È stato osservato anche il nucleo angolare. Nelle sezioni rostrali, il nucleo olivario superiore si trova lungo la regione laterale ventrale della fetta coronale. Nelle sezioni sagittali, NM e nucleo laminaris o NL sono stati identificati dove le fibre nervose uditive sono entrate nel gruppo di neuroni.
Il nucleo olivario superiore è stato identificato nella regione rostrolaterale. Sono state osservate regioni uditive a bassa e alta frequenza caratteristica da NM e NL lungo l'asse rostrocaudale. La fetta più mediale mostrava i ciuffi assonali omolaterali e controlaterali e il punto finale della regione uditiva.

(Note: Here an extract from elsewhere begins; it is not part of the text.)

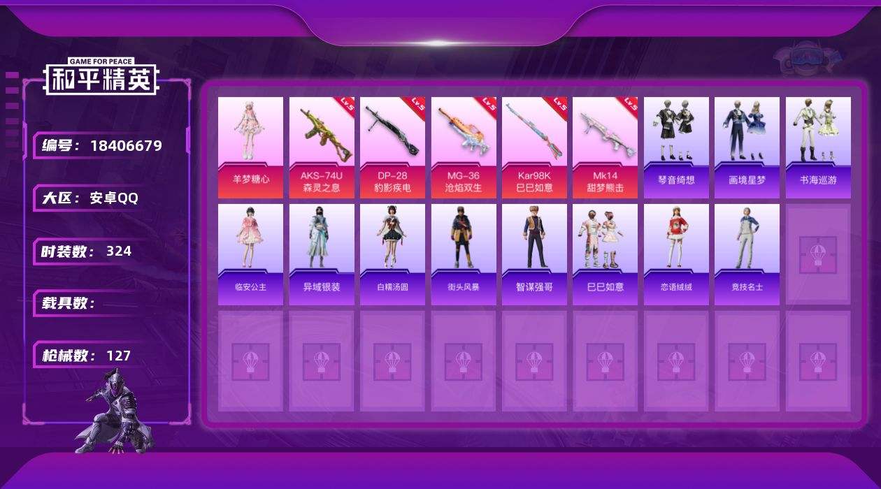 【657890】[18406679]【特价出售】安卓Q-2粉装7特效枪1热门77套装127枪皮 33168热力值 2印记 历史超级王牌7星 【2粉装】 羊梦糖心 罪夜之冕 【7特效枪】 AKS-74U-森灵之息 (5级) Kar98K-巳巳如意 (5级) MG-36-沧焰双生 (5级) DP-28-豹影疾电 (5级) Mk14-甜梦熊击 (5级) Mk14-福马献瑞 (2级) AA12-G-萌骑

Nelle fette orizzontali, NM e NL sono stati identificati verso la linea mediana e i neuroni sono stati distribuiti lungo l'asse mediale laterale. Fette di tessuto del tronco cerebrale ad angolo acuto da un piano orizzontale hanno mostrato i nuclei uditivi del tronco cerebrale attraverso una grande diffusione diagonale. Le immagini ingrandite hanno mostrato l'asse tonotopico dei nuclei uditivi lungo l'asse rostromediale-caudolaterale.

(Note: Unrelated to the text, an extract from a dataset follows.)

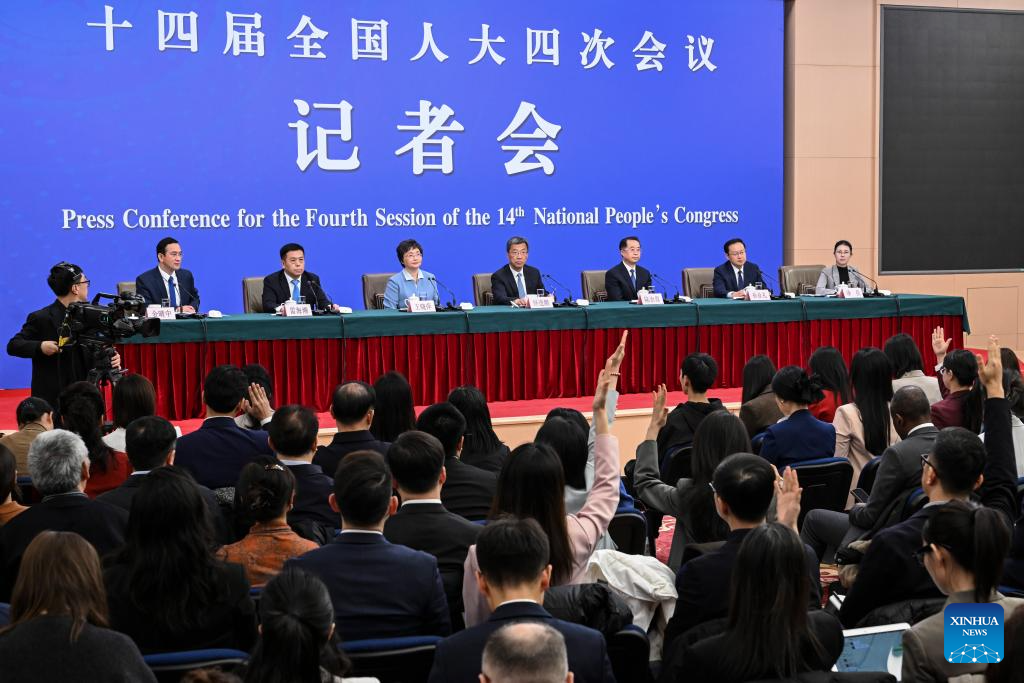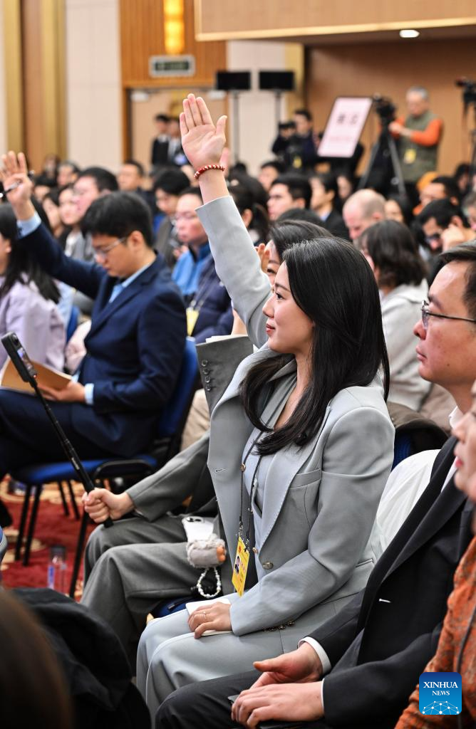 Journalists raise hands to ask questions at a press conference for the fourth session of the 14th National People's Congress (NPC) on people's livelihood in Beijing, capital of China, March 7, 2026. (Xinhua/Li Xin)

Assicurarsi che l'intero processo venga eseguito in dACSF refrigerato con ghiaccio continuamente bollente con ossigeno di carboidrati. Questo protocollo viene utilizzato per i ricercatori che studiano le proprietà anatomiche e biofisiche dei microcircuiti del tronco cerebrale in via di sviluppo, in particolare la relazione tra i principali nuclei uditivi.